EXERCISE INSTRUCTIONS: The lines in the listing below are to be given again exactly, starting at the line holding "挙式に関しては、住んでいる家" and ending at the line holding "A cada vivienda". Do not include pictures.

INPUT DATA:
==================================================

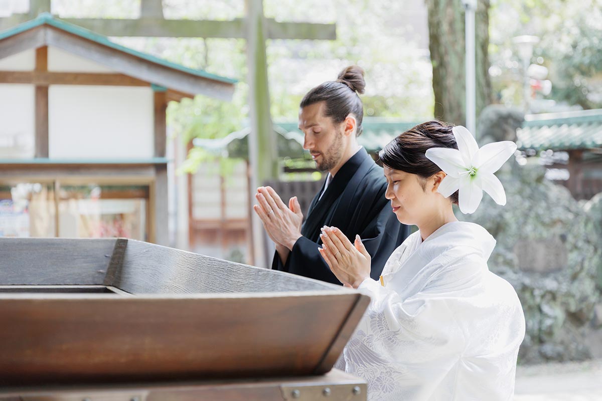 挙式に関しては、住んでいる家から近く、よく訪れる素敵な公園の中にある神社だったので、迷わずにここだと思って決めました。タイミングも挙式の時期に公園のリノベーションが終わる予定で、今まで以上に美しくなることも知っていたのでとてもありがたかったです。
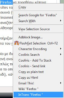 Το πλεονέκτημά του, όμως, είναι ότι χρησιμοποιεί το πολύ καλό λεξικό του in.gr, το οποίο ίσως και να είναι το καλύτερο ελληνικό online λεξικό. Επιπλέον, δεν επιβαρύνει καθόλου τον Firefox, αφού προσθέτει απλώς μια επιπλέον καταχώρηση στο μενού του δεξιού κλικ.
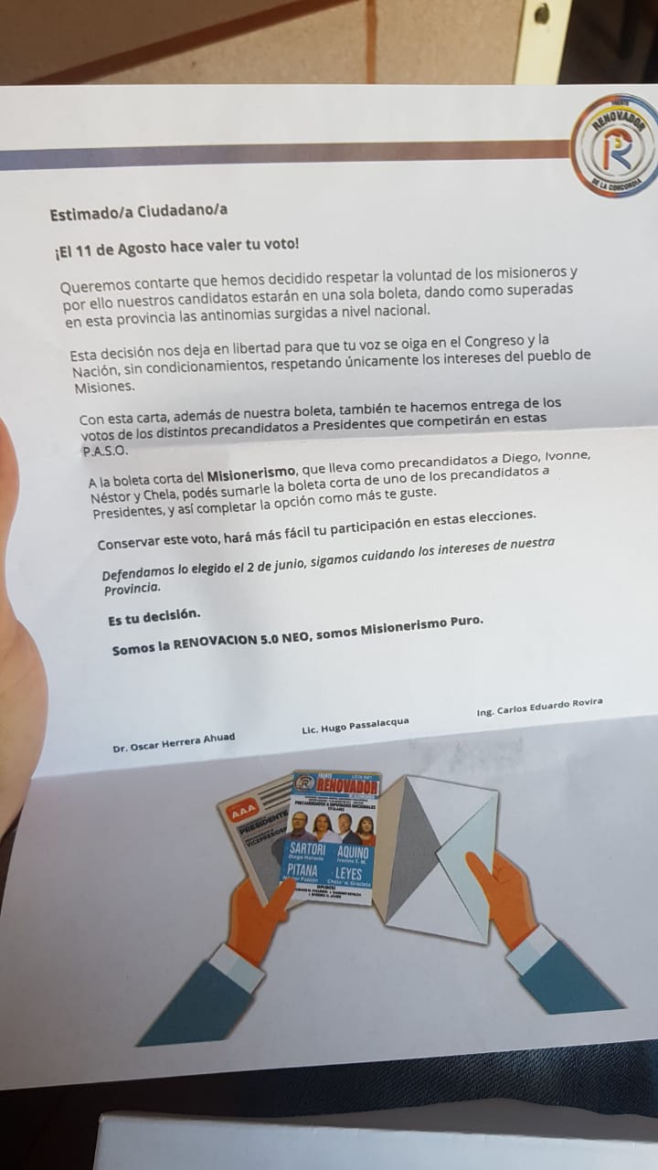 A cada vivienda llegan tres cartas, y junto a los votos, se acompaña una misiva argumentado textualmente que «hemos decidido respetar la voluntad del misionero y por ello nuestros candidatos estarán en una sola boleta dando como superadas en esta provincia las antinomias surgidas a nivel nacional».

==================================================

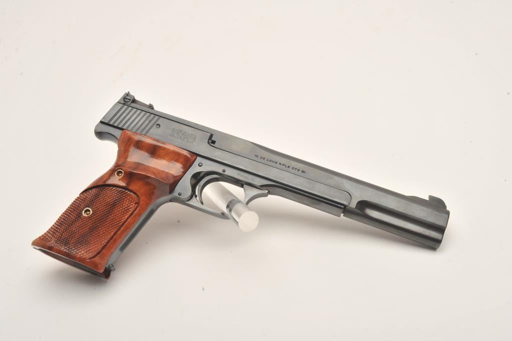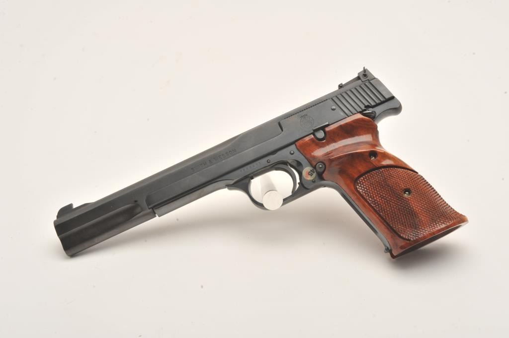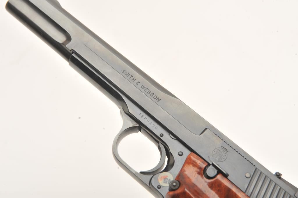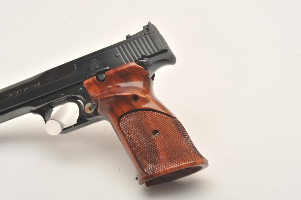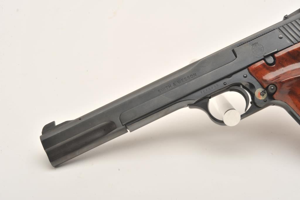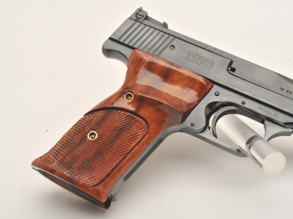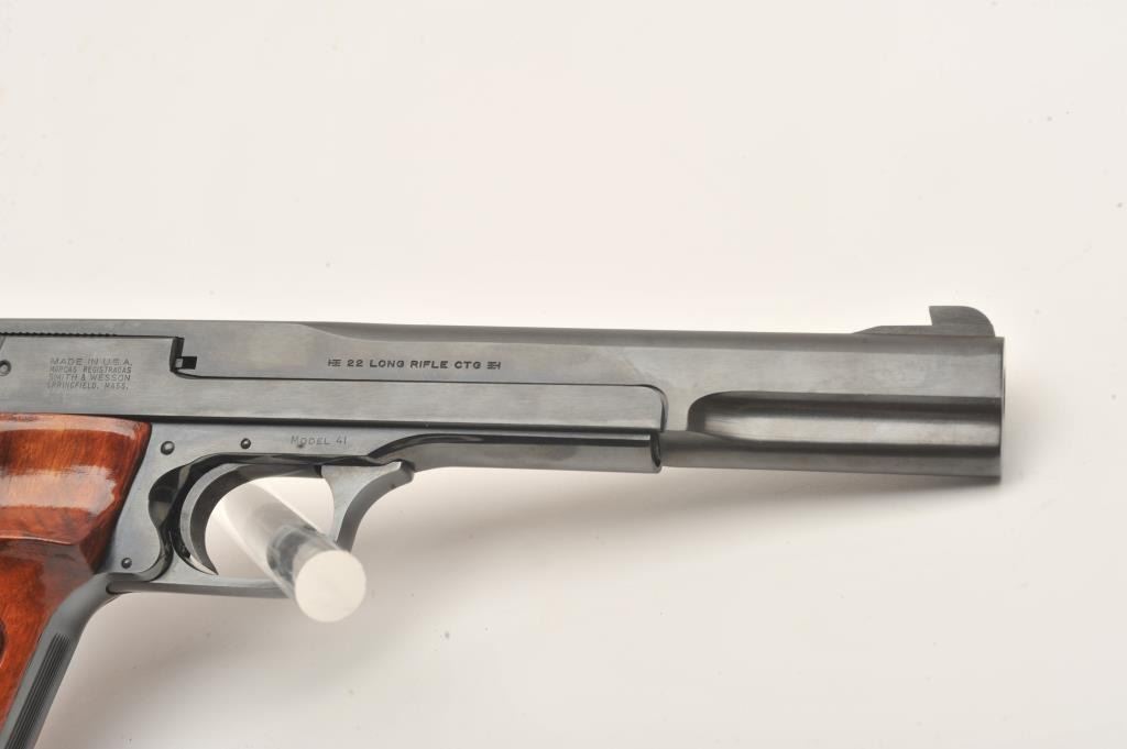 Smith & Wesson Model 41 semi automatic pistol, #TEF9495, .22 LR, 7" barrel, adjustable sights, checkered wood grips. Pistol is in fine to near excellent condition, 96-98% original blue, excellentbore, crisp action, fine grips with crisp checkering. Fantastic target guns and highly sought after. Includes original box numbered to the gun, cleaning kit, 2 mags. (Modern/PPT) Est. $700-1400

==================================================

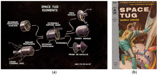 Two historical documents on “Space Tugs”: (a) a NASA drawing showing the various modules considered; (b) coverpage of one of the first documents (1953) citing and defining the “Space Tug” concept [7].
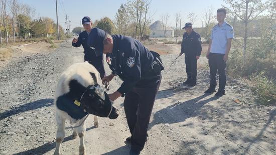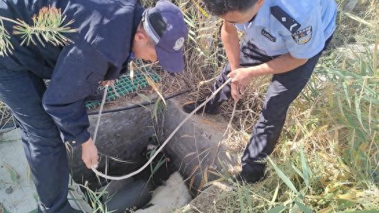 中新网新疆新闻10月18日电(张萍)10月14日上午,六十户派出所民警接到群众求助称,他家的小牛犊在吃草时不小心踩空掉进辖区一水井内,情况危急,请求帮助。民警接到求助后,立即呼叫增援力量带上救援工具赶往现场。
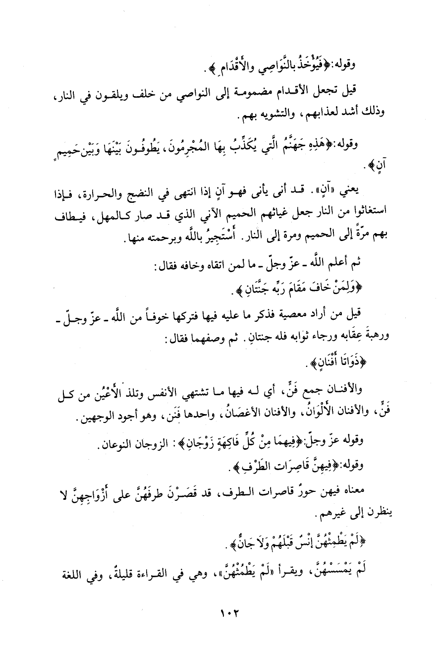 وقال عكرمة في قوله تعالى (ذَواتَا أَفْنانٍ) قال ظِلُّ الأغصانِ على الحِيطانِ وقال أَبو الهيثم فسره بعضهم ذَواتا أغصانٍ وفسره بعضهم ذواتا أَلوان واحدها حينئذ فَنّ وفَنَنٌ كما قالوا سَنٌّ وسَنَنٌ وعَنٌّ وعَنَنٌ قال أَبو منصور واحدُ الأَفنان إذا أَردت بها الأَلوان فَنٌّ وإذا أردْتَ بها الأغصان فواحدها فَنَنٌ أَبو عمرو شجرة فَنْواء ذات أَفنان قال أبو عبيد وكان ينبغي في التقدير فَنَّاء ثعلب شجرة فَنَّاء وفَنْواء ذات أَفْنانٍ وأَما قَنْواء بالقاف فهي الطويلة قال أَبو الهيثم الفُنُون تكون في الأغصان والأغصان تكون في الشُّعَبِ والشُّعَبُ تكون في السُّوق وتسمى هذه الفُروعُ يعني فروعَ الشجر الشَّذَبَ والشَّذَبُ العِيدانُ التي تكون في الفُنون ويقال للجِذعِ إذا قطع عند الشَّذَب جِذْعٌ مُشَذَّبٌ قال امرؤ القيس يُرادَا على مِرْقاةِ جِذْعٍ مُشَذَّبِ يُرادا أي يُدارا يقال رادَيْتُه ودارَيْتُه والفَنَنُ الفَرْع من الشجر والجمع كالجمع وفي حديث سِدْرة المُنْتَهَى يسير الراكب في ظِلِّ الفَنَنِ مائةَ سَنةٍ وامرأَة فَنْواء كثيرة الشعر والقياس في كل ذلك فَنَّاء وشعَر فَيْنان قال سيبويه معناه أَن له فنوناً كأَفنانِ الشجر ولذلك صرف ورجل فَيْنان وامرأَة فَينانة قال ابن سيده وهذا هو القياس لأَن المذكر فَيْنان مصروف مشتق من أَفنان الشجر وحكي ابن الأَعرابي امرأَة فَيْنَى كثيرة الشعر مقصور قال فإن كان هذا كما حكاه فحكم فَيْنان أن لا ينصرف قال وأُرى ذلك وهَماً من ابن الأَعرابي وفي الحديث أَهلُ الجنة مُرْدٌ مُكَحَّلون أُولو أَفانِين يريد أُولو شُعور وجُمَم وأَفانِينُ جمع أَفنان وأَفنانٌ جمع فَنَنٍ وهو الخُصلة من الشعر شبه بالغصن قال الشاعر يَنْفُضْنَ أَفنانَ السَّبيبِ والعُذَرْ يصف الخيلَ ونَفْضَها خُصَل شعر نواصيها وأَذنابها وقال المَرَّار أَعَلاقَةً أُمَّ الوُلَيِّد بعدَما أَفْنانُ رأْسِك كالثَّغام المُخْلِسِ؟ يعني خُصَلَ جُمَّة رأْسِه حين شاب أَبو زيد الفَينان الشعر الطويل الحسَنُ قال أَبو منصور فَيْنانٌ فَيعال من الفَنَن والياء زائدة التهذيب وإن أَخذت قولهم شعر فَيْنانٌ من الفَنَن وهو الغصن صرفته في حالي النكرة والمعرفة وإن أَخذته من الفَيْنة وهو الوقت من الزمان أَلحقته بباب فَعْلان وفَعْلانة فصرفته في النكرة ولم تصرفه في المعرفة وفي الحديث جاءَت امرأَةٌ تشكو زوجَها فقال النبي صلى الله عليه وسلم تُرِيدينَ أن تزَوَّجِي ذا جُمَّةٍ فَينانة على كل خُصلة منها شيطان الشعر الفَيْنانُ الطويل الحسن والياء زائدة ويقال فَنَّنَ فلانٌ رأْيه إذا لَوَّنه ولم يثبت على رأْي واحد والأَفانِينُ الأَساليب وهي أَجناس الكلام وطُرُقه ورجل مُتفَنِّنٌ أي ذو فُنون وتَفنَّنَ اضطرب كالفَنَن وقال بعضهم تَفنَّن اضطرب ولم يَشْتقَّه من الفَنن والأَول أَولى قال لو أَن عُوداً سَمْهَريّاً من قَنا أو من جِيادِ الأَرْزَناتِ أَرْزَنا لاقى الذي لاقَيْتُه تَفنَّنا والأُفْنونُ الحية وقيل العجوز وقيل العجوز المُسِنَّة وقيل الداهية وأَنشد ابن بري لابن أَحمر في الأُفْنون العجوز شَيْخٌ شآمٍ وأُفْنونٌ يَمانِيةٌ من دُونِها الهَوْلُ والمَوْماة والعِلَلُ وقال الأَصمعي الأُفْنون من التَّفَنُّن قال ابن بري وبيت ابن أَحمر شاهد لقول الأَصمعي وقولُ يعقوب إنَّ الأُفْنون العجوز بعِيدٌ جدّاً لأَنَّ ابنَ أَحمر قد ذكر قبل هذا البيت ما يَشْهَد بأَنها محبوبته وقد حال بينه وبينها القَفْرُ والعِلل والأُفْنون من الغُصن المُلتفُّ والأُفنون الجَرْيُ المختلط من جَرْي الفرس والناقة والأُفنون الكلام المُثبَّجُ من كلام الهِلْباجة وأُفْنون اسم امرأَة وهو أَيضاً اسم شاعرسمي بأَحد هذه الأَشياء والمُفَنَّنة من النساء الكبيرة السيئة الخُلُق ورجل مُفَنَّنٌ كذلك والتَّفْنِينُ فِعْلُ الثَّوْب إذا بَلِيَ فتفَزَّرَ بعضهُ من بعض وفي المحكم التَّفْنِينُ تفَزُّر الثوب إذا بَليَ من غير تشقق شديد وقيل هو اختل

==================================================

SOLUTION:
 挙式に関しては、住んでいる家から近く、よく訪れる素敵な公園の中にある神社だったので、迷わずにここだと思って決めました。タイミングも挙式の時期に公園のリノベーションが終わる予定で、今まで以上に美しくなることも知っていたのでとてもありがたかったです。
 Το πλεονέκτημά του, όμως, είναι ότι χρησιμοποιεί το πολύ καλό λεξικό του in.gr, το οποίο ίσως και να είναι το καλύτερο ελληνικό online λεξικό. Επιπλέον, δεν επιβαρύνει καθόλου τον Firefox, αφού προσθέτει απλώς μια επιπλέον καταχώρηση στο μενού του δεξιού κλικ.
 A cada vivienda llegan tres cartas, y junto a los votos, se acompaña una misiva argumentado textualmente que «hemos decidido respetar la voluntad del misionero y por ello nuestros candidatos estarán en una sola boleta dando como superadas en esta provincia las antinomias surgidas a nivel nacional».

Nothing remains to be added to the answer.